2024-06-25 17:22:25 | 将棋
 木村九段は好きな棋士(しかも、かなり)で、西山女流三冠も応援したい棋士。
 どっちを応援しようか?……ここは木村九段に我慢していただこう………
 まあ、木村九段が勝っても嬉しいので、けっこう、気楽に観戦していた。

木村研究会と藤井研究会
 解説は藤井猛九段。
 振り飛車の研究、理論、経験を数値化して合計すれば、トップに位置するのではないだろうか?
 「居飛車に急戦の気配がなければ、こう指すところ」
 「急戦に対しては、こう備えておく方がよいです」
と解説(↑文言の再現は適当です)、研究、理論、経験による序盤の体系が染みついている。振り飛車等の西山女流の解説者にはうってつけの棋士だ。

 本局に限らず、解説の合間に、棋士の情報を語ることが多い。
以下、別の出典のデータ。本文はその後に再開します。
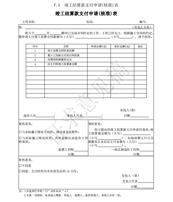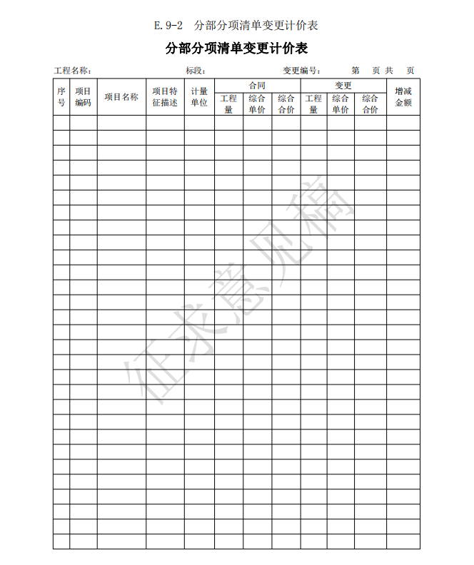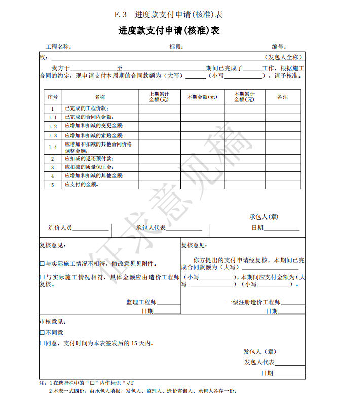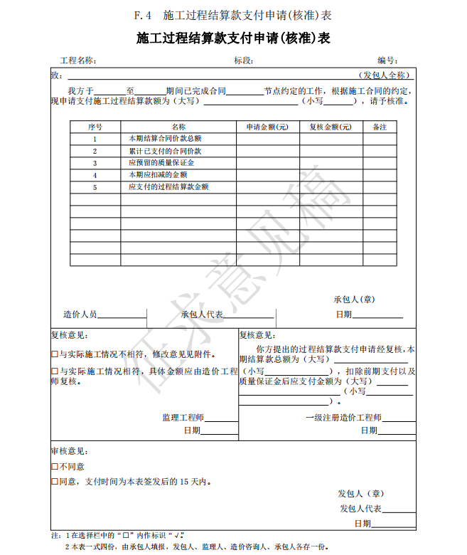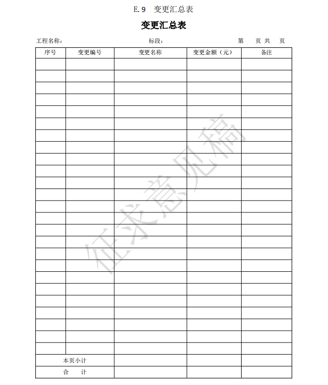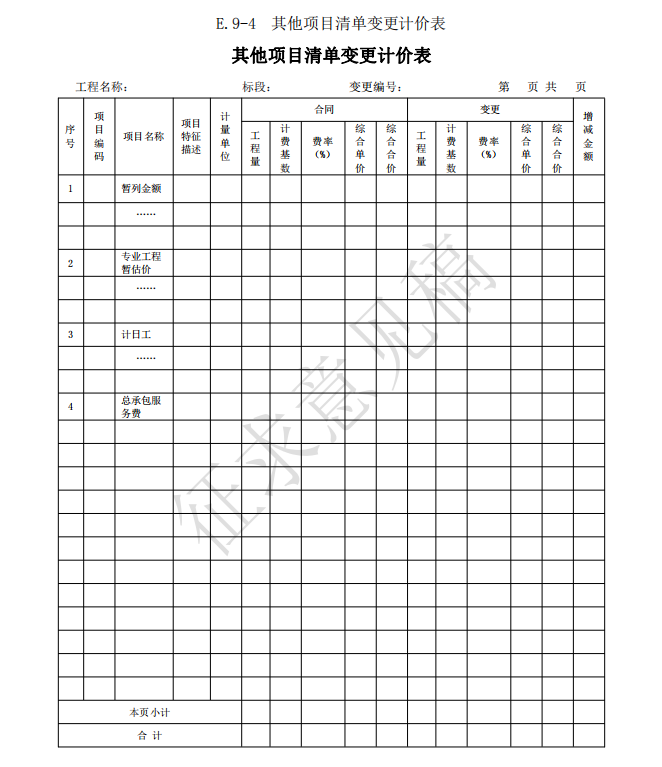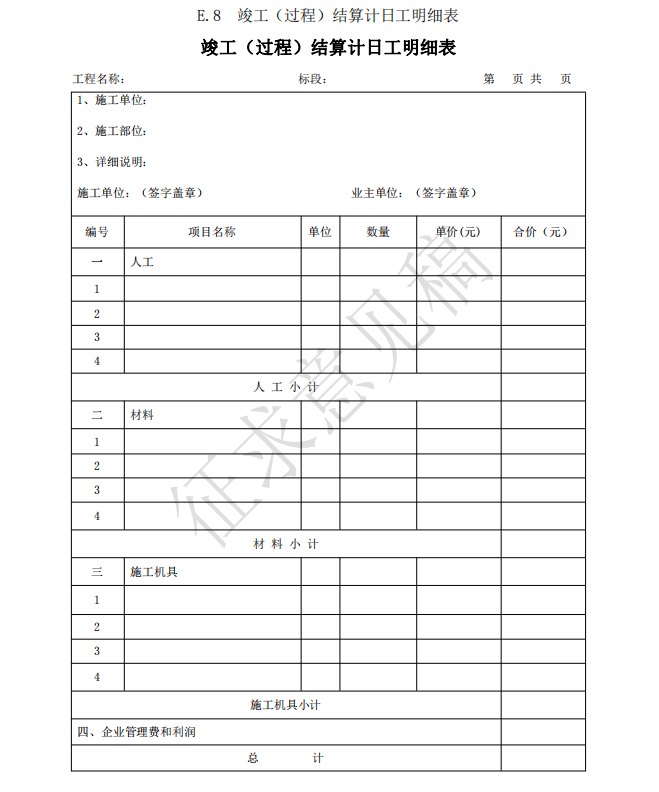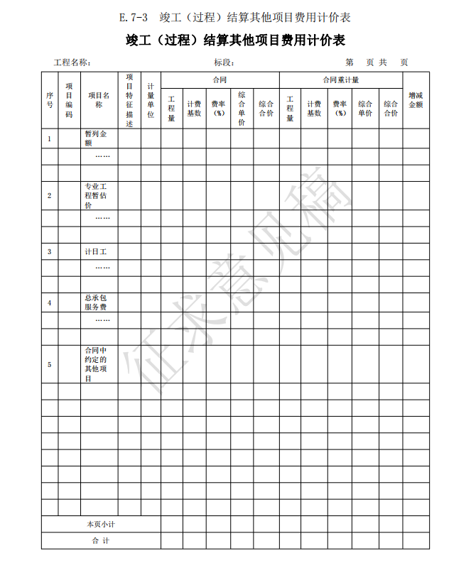 3)竣工(過(guò)程)結(jié)算使用的表格包括:B.4、C.4、D.3、E.6、E.7、E.7-1、E.7-2、E.7-3、 E.8、E.9-1、E.9-2、E.9-3、E.9-4、E.10、E.11、F.1、F.2、F.3、F.4、F.5、F.6、F.7、G.1、 G.2、G.3、G.4。

本局も面白かった。
「西山さんは、木村九段によく教わったと語っていましたね。
 弟子の方が強くなること自体は嬉しいことだが、それは自分関係ないところで活躍する場合で、自分と対局が当たって、それで勝たれてしまうと、(教えるんじゃなかったと)後悔します。
 で、木村九段の研究会は“鍛錬”で厳しいです。で、私はやさしいんですよ。
 西山さんが属していた研究会(木村研究会?)の奨励会員は3人全員居飛車党で、振り飛車党1人対居飛車党3人では(気分的に)苦しい。
 なので、優しい私は《振り飛車等だけの研究会》を作り、西山さんを誘ったんです」
「今度西山さんに、《どっちの研究会が役に立ったか?》訊いてみたい」

 木村九段は強くするため鍛え、藤井九段は将棋を指す環境(精神的なモノを含めて)を整えた。二人ともやさしい。

異形の戦い

 将棋は予想通り、西山振り飛車対木村居飛車となったが、通常とは違う構え。(最近では、居飛車対振り飛車を“対抗形”と呼ぶが、どうもしっくりこない)
 木村玉は居飛車穴熊だが、2三銀・2二金の位置が異形。これは、左美濃から居飛車に変形した為。
 西山女流三冠の8五桂・7六銀形も珍しい。これは、7五歩と伸ばした西山布陣に対し、△6四銀と歩を取る指向を見せた為、銀で7五の歩を支えた為。さらに、その銀を活かすため、桂を9七~8五と跳ねて、歩を取った。
 木村九段の2二金型穴熊は「▲3一銀と絡まれてあっと言う間に寄ってしまう弱点もあるが、そうならないケースもある」と藤井九段。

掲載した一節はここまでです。